BEGIN Source material
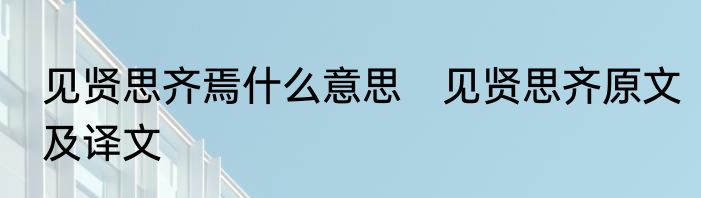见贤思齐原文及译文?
END Source material
BEGIN Source material
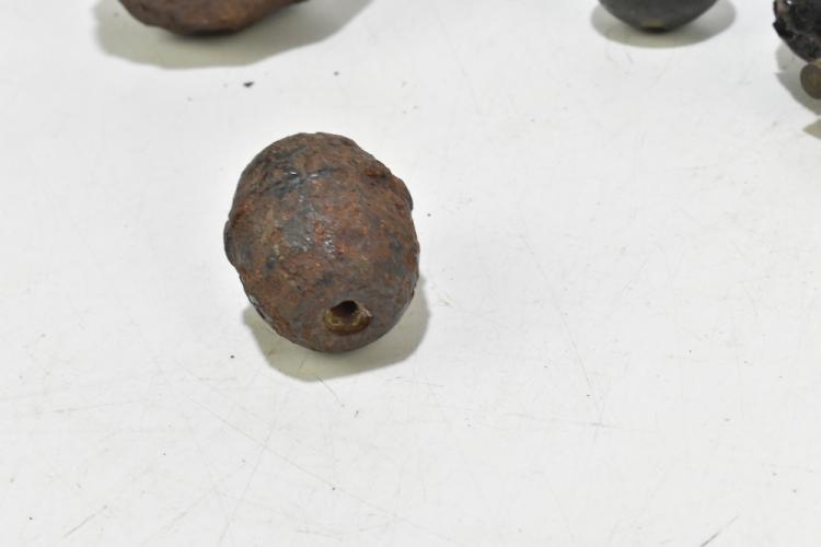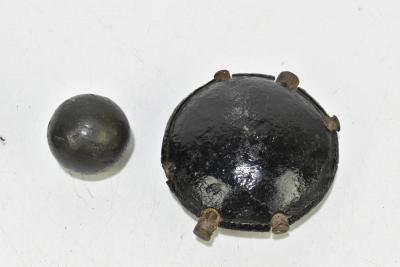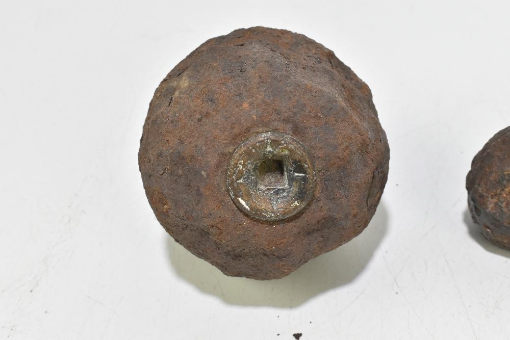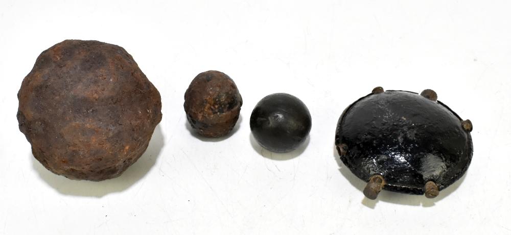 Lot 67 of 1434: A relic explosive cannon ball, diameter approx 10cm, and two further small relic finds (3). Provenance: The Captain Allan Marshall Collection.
END Source material
BEGIN Source material
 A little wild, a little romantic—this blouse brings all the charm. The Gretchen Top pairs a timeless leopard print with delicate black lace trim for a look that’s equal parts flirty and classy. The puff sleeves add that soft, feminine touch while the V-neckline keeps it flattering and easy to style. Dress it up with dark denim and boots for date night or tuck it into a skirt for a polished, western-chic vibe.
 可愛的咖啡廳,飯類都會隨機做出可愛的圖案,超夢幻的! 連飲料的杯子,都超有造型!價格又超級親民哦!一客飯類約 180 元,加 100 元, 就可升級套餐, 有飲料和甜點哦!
END Source material
● **Task directions**: In the data above, which lines lie between the line with "A little wild, a" and the line with "可愛的咖啡廳,飯類都會隨機做出可愛的圖案,超夢幻的! 連飲料的杯子,都超有造型!價格又超級親民哦!一客飯類約 180", inclusive? Print those lines exactly and nothing else.

● **Answer space**:
 A little wild, a little romantic—this blouse brings all the charm. The Gretchen Top pairs a timeless leopard print with delicate black lace trim for a look that’s equal parts flirty and classy. The puff sleeves add that soft, feminine touch while the V-neckline keeps it flattering and easy to style. Dress it up with dark denim and boots for date night or tuck it into a skirt for a polished, western-chic vibe.
 可愛的咖啡廳,飯類都會隨機做出可愛的圖案,超夢幻的! 連飲料的杯子,都超有造型!價格又超級親民哦!一客飯類約 180 元,加 100 元, 就可升級套餐, 有飲料和甜點哦!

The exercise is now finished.